## Directions for this task
Pictures excluded, retype the lines from the one containing "from work |" through the last line of the data below, both included.

## Data block
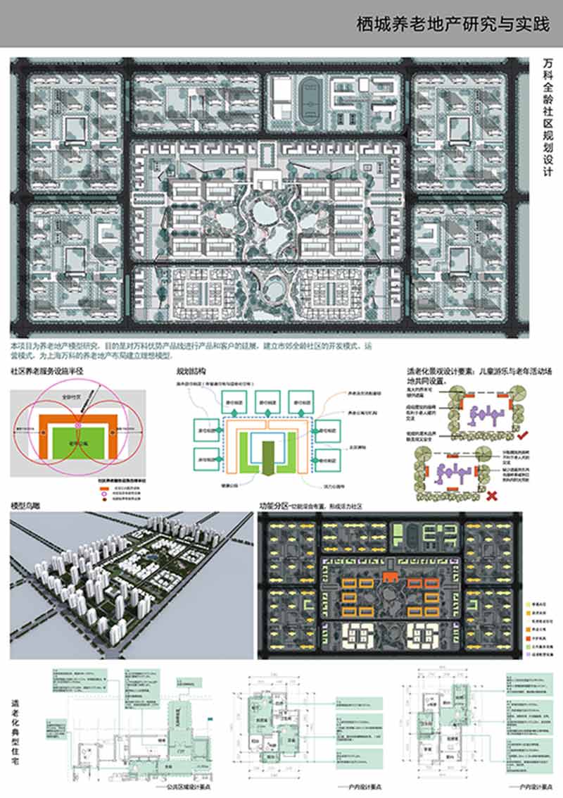 本项目为养老主题研究, 目的是在万科优势产品线上延展产品链和客户群,建立郊区大盘全龄社区的开发模式,生活模式,持有物业的运营模式和商业模式,为上海万科的养老地产布局建立理想模型。
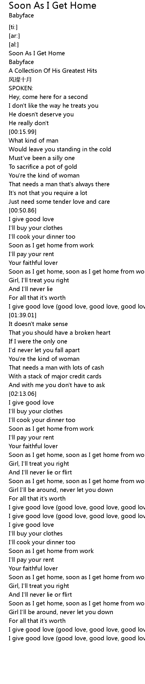 | [02:41.18] | Soon as I get home, soon as I get home from work |
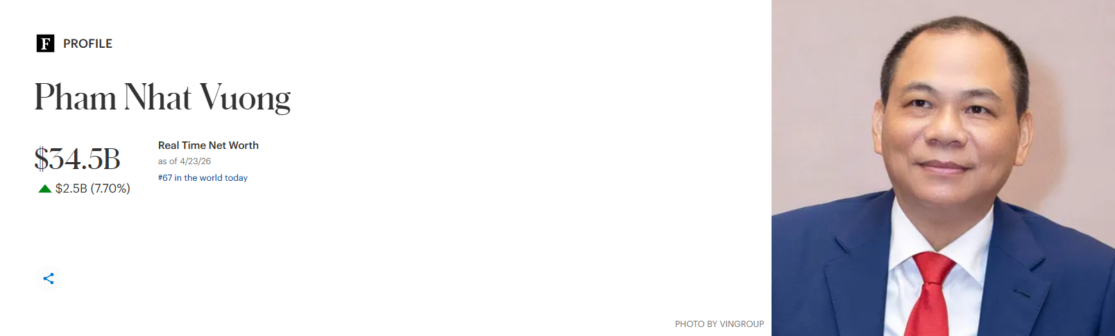 Theo dữ liệu thời gian thực của Forbes sáng 23/4, Chủ tịch Vingroup đang sở hữu khối tài sản khoảng 33,9 tỷ USD, tăng thêm 1,8 tỷ USD chỉ trong thời gian ngắn, qua đó vươn lên vị trí thứ 67 thế giới.

## Task solution
 | [02:41.18] | Soon as I get home, soon as I get home from work |
 Theo dữ liệu thời gian thực của Forbes sáng 23/4, Chủ tịch Vingroup đang sở hữu khối tài sản khoảng 33,9 tỷ USD, tăng thêm 1,8 tỷ USD chỉ trong thời gian ngắn, qua đó vươn lên vị trí thứ 67 thế giới.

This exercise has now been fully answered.